I find myself drawn back to blogosphere by a nice short comment about simulation in ecology by Vıtezslav Moudry (sorry – can’t seem to get the accents over the relevant letters!) in Journal of Biogeography. The comment highlights the impact that poor data quality can have on species distribution models, and points to the value of simulation studies for helping understand the behaviour of SDMs under different types of data bias, and the utility of some approaches for dealing with poor data quality. The study makes mention of a couple of my favourite studies, including two papers led by postdocs in our group; José Lahoz-Monfort and Gurutzeta Guillera-Arroita. Jose’s paper I reviewed in a previous (now quite old) blog, but Guru’s paper I’m yet to advertise! So here it is. The paper is Global Ecology and Biogeography, titled ‘Is my species distribution model fit for purpose? Matching data and models to applications‘, looks at how various data quality issues impact SDMs and what the specific implications might be for conservation decisions (including spatial prioritisation of spending, biosecurity, population viability analysis). I love this paper because it draws a direct line from the technical, geeky problems to what we really care about, which is doing good analysis that supports good conservation decisions. After all, who cares about a imperfect detection, sampling bias, false positives, spatial autoblahblah if it doesn’t actually mess with a decision we need to make. Well, ecologists might care if it impacts on ecological inference – but unless that inference is central to a conservation decision, I’m not sure that I really care about that too much either. While we’re on simulation – I’d like to draw your attention to a recent simulation study where we show that recent (highly cited) criticisms of auto logistic regression are unfounded, and that honour of the auto logistic is intact! Vive la autologistic! Tchussie.

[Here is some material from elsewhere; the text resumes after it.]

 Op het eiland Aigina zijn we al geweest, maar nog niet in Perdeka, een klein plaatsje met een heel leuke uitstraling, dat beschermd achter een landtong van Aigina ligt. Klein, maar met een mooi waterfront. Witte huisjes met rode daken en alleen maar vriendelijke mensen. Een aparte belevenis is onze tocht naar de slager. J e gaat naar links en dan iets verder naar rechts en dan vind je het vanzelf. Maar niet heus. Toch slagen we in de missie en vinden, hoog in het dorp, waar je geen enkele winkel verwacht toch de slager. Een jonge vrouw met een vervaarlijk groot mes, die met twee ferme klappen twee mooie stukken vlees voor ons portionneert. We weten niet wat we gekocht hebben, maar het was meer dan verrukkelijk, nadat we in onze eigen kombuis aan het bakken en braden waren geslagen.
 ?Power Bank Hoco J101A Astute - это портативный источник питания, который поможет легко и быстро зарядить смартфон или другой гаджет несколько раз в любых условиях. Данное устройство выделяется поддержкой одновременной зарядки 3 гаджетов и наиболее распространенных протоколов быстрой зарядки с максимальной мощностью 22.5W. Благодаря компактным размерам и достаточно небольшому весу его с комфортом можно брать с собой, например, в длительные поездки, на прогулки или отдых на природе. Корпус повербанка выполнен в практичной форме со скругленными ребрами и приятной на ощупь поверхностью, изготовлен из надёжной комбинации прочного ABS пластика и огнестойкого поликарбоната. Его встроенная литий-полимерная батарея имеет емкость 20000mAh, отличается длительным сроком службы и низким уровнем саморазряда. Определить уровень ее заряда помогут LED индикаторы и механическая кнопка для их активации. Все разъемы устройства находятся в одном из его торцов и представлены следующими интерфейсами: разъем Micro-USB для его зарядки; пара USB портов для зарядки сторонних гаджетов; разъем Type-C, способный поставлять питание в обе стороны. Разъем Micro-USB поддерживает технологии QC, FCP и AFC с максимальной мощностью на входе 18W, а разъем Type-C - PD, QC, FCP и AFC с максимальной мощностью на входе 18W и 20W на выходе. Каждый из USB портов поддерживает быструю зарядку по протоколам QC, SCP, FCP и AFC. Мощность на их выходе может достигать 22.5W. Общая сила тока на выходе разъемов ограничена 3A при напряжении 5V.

Imperfect detection impacts the performance of species distribution models that’s online early with Global Ecology and Biogeography… Its one of a couple of papers we’re working on that aim to clarify and quantify the influence of imperfect detection on inference and prediction from models fitted to biological survey data, including SDMs. Keep your eye out for another exciting paper by Gurutzeta Guillera-Arroita… coming soon.
Terry Walshe, Kirsten Parris, Mick McCarthy and I have a new paper out in the journal Diversity and Distributions that tackles the issue of how to determine the probability that a species occupies a given location after a number of failed attempts to find it there (check it out). It’s not quite as simple as you would think, even if you have a good handle on the ‘detectability’ literature. In the paper, we describe an approach to determining how many non-detections would be necessary to be X% sure that a species is not present at a given location. This method is particularly useful for designing impact assessment surveys in which the probability of failing to detect an endangered species that occupies the site needs to be set to some comfortably low level (e.g. 5% chance).
Terry Walshe wrote a nice piece about the paper in our decisions Hub’s magazine Decision Point (check it out).